一般に、自動車等の車両には、車体と各車輪(車軸側)との間に減衰力調整式緩衝器が設けられ、該緩衝器による減衰力特性を調整する構成とした制御装置が搭載されている。この制御装置は、ばね上加速度センサによって検出されたばね上の上下加速度から緩衝器の目標減衰力を演算し、車両の走行(振動)状態に応じた減衰力を緩衝器で発生させる。これにより、緩衝器で車体の制振を行い、乗り心地および操縦安定性を向上させるようにしている。
しかし、ばね上加速度センサの検出信号は、車両の直進方向の路面傾斜度合い(以下、勾配角という)、即ち、車両の直進方向の車体の傾きによって加速度の検出値が変動することがある。
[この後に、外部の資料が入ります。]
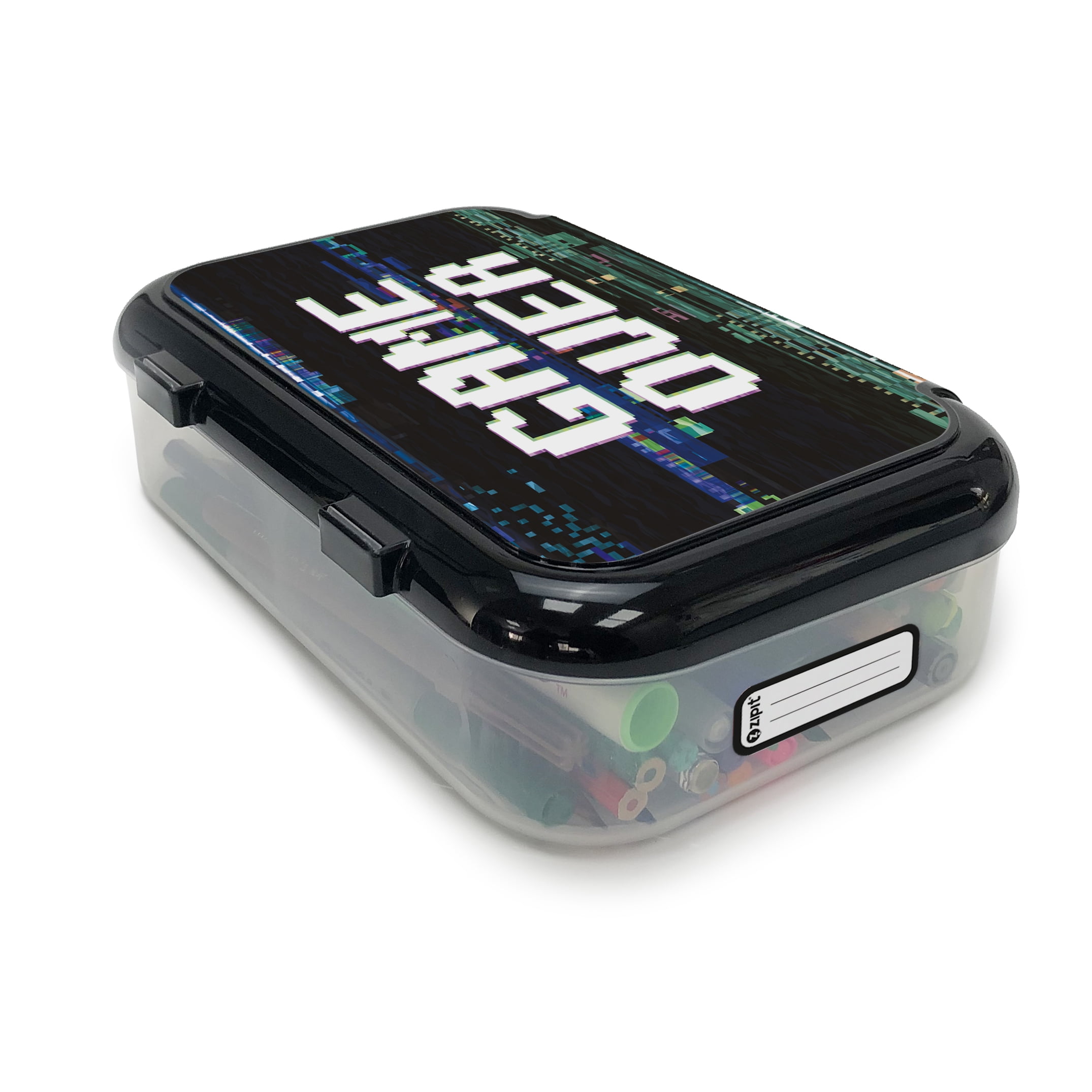 This blue gamer pencil box has it all: great looks and outstanding functionality. It’s sturdy, capacious and transparent so it’s easy to see what’s inside.
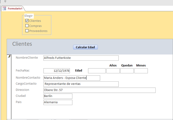 Private Sub Detalle_Click() Clientes.Visible = False Tabla2.Visible = False DetallePedidos.Visible = False End Sub Private Sub Marco0_AfterUpdate() If Marco0 = 1 Then Clientes.Visible = True Tabla2.Visible = False DetallePedidos.Visible = False ElseIf Marco0 = 2 Then Tabla2.Visible = False Clientes.Visible = False DetallePedidos.Visible = True Else DetallePedidos.Visible = False Clientes.Visible = False Tabla2.Visible = True End If End Sub
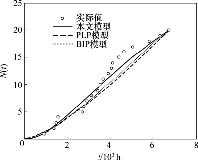 为期望故障数的估计值。R越大则说明模型拟合程度越好。不同模型的拟合优度计算结果如表1所示。从表1可以看出:本文模型的拟合优度评价指标R最大,进一步说明本文模型即为最佳模型。不同模型的累积故障数拟合曲线如图1所示,从图1可以看出:本文提出的连续比例强度模型更适合描述其故障趋势。
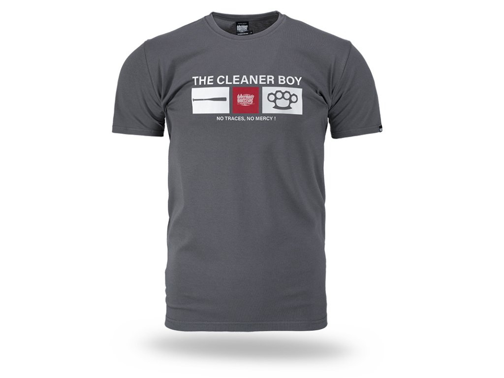 A középső részen „THE CLEANER BOY” felirat és egy nyomat látható, amely baseballütőt, márkalogót és boxert ábrázol. Alatta a szlogen: „NO TRACES, NO MERCY!”. A termék kiváló minőségű pamutból készült, ami kényelmes viseletet biztosít.

これに伴って、目標減衰力の演算結果も悪影響を受けてしまう。これに対し、特許文献1には、車両重心前後加速度検出値と、入力パラメータとしてスリップ率を含む摩擦特性モデルを有する車輪摩擦力推定部を備える車両モデル演算手段で算出された車両重心前後加速度推定値と、の差に基づいて勾配角を算出する技術が開示されている。
ところで、特許文献1に開示された技術では、スリップ率を考慮して勾配角を推定しているが、過大なスリップが発生した場合、車両重心前後加速度検出値と、車両重心前後加速度推定値と、の差が大きくなり、勾配角を誤推定する(即ち、勾配角の推定精度が良好に確保されない)可能性がある。このため、勾配角の推定精度が良好に確保されない状態のまま、目標減衰力を取得するための演算が実行される可能性がある。このような勾配角によって車両制御をすると、制御精度が低下し、車両の乗り心地が良好に確保されない可能性がある。
本発明の一実施形態の目的は、勾配角の誤推定の回避精度を向上させ、勾配角の推定精度を向上させることができる路面勾配推定装置、車両制御装置、車両制御方法および車両制御システムを提供することにある。
本発明の一実施形態は、入力した情報に基づいて演算を行うコントロール部を備える路面勾配推定装置であって、前記コントロール部は、車両の車輪の回転速度に基づく推定車速を取得し、前記車両の前後方向の加速度を検出する前後加速度センサの検出値に基づく前後加速度を取得し、前記車両の慣性に起因する物理量に基づく前記車両の推定前後加速度、または前記車両のスリップに基づく制御信号に応じて前記車両が走行する路面の勾配角を求めるための要求信号を取得し、前記推定車速と、前記前後加速度と、前記要求信号と、に基づいて前記勾配角を求める。
また、本発明の一実施形態は、入力した情報に基づいて演算を行うコントローラを備える車両制御装置であって、前記コントローラは、車両の車輪の回転速度に基づく推定車速を取得し、前記車両の前後方向の加速度を検出する前後加速度センサの検出値に基づく前後加速度を取得し、前記車両の慣性に起因する物理量に基づく前記車両の推定前後加速度、または前記車両のスリップに基づく制御信号に応じて前記車両が走行する路面の勾配角を求めるための要求信号を取得し、前記推定車速と、前記前後加速度と、前記要求信号と、に基づいて前記勾配角を取得し、前記勾配角に基づいて、前記車輪と前記車両の車体との間に設けられた減衰力発生装置の減衰力制御をするための制御指令を求め、求められた前記制御指令を出力する。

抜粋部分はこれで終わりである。